# Sheraton Desert Oasis Room Request/Map



## Betty (Jan 20, 2006)

To all Desert Oasis owners:

Can you request a specific unit location at this resort, and, if so, what should one ask for?  From what I've read elsewhere, many of the rooms don't have much of a view.  Does anyone know if owners at other Sheraton properties are given priority consideration of their requests?   

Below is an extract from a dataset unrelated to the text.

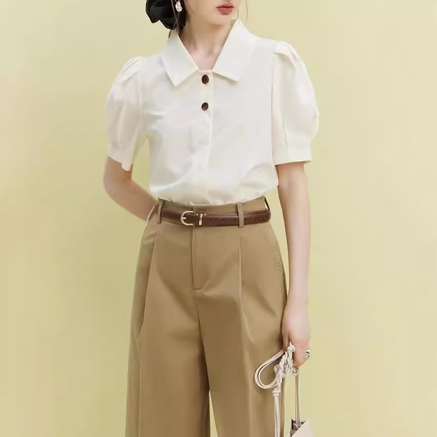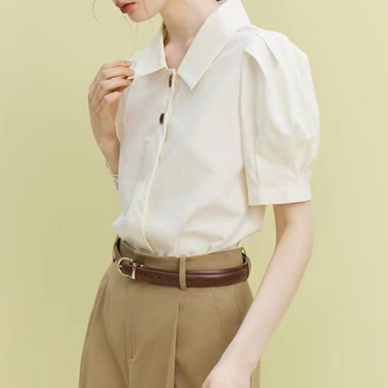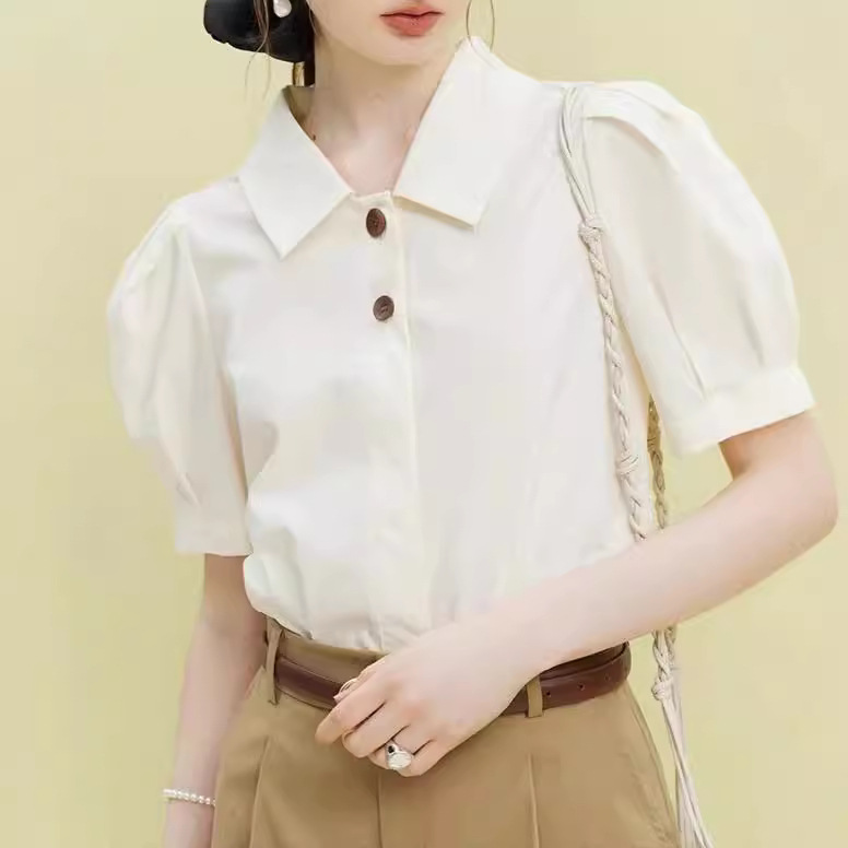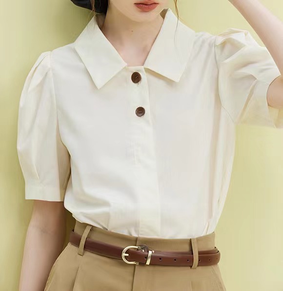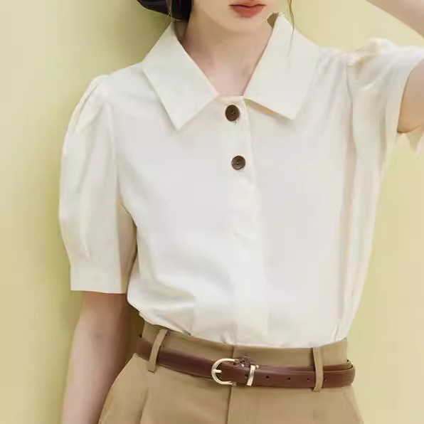 法式百搭减龄撞色扣衬衫女夏新款设计感俏皮短袖衬衣

Would anyone have a map of this resort that they would be willing to share with me?  

Thanks,
Betty


----------



## DeniseM (Jan 20, 2006)

Betty said:
			
		

> To all Desert Oasis owners:
> 
> Can you request a specific unit location at this resort, and, if so, what should one ask for?  From what I've read elsewhere, many of the rooms don't have much of a view.  Does anyone know if owners at other Sheraton properties are given priority consideration of their requests?
> 
> ...



There is a map of the property on their webpage. SDO

If you are traveling without children, I would recommend that you ask for a view of the quiet pool (adults only pool.)  This resort is in the city, so there aren't really any views outside the resort.  SVO members are given some priority.  Elite Owners and owners at the particular property have (in theory) higher priority and then owners from other SVO properties.


----------



## Betty (Jan 23, 2006)

Thank you, Denise.  I found the resort map on the SDO website as you mentioned.  And thanks to your suggestion, we are going to request a unit overlooking the quiet pool.  How large is this pool in comparison to the larger, main pool?  Does it have any shaded areas similar to the larger pool?  Since we'll be there in mid-February, we may not need to worry about swimming anyway, since I think it may be a little too cool for my liking even though the pools are heated.  Are all of the buildings only two stories high?  Should we request a second floor unit?  Thanks for answering more of my questions.

Betty


----------



## myip (Jan 23, 2006)

Betty said:
			
		

> Thank you, Denise.  I found the resort map on the SDO website as you mentioned.  And thanks to your suggestion, we are going to request a unit overlooking the quiet pool.  How large is this pool in comparison to the larger, main pool?  Does it have any shaded areas similar to the larger pool?  Since we'll be there in mid-February, we may not need to worry about swimming anyway, since I think it may be a little too cool for my liking even though the pools are heated.  Are all of the buildings only two stories high?  Should we request a second floor unit?  Thanks for answering more of my questions.
> 
> Betty


The quiet pool is about 1/4 size of the main pool.  It is in the shaded area.  It doesn't matter which unit you get except you should ask for top floor so you don't have to listen to hot tub running and flushing toliet.  The pool is heated very nicely.  We went into the pool 4 times during the Christmas/New Year break.  Also, this resort doesn't have midweek cleaning.


----------